Who are the real godparents? (Multiple sponsors on record)


#1

Hi all,

I recently started a job working for a parish, and part of that job is taking care of the sacramental records. This time of the year, with First Communions and Confirmations coming up, we get many requests for baptismal records.

I am running into a problem that looks as though it will be recurring: The priest who was pastor here several years ago apparently was rather lax about allowing non-Catholics to be listed as godparents and also, it seems, about allowing multiple people to become godparents. In several places in our Baptismal Register, a child is listed as with 3 or 4 sponsors (e.g. two married couples, or a married couple and a single person).

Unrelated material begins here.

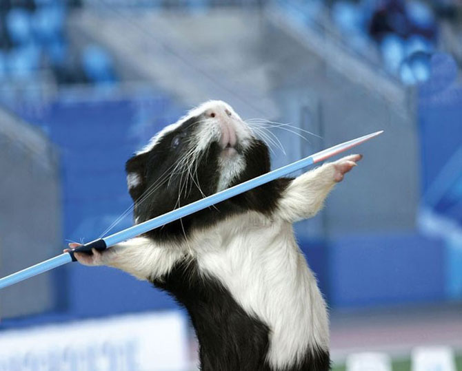 Морские свинки были наняты в фонде спасения животных в обмен на пожертвование и сфотографированы в уютной студии. Затем при помощи компьютерной графики их перенесли на олимпийские спортивные площадки. Во время съёмок ни одно животное не пострадало.
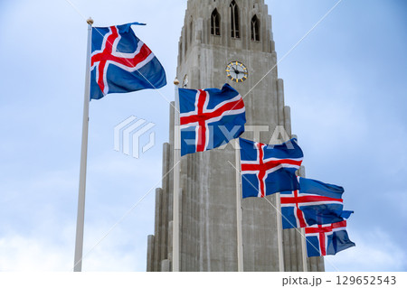 北欧の島国アイスランド 首都レイキャヴィークのランドマーク 高台に建つハットルグリムス教会と国旗

What do I do when attempting to issue baptismal certificates for these problematic records? How do I know which people to list as the sponsors? I do plan to ask our current priest (who is out of town at the moment) how he wants to handle this; but in the meantime, I am curious if anyone else has run into this problem or knows the "correct" way to deal with it.


#2

[quote="EnglishTeacher, post:1, topic:317775"]
Hi all,

I recently started a job working for a parish, and part of that job is taking care of the sacramental records. This time of the year, with First Communions and Confirmations coming up, we get many requests for baptismal records.

I am running into a problem that looks as though it will be recurring: The priest who was pastor here several years ago apparently was rather lax about allowing non-Catholics to be listed as godparents and also, it seems, about allowing multiple people to become godparents. In several places in our Baptismal Register, a child is listed as with 3 or 4 sponsors (e.g. two married couples, or a married couple and a single person).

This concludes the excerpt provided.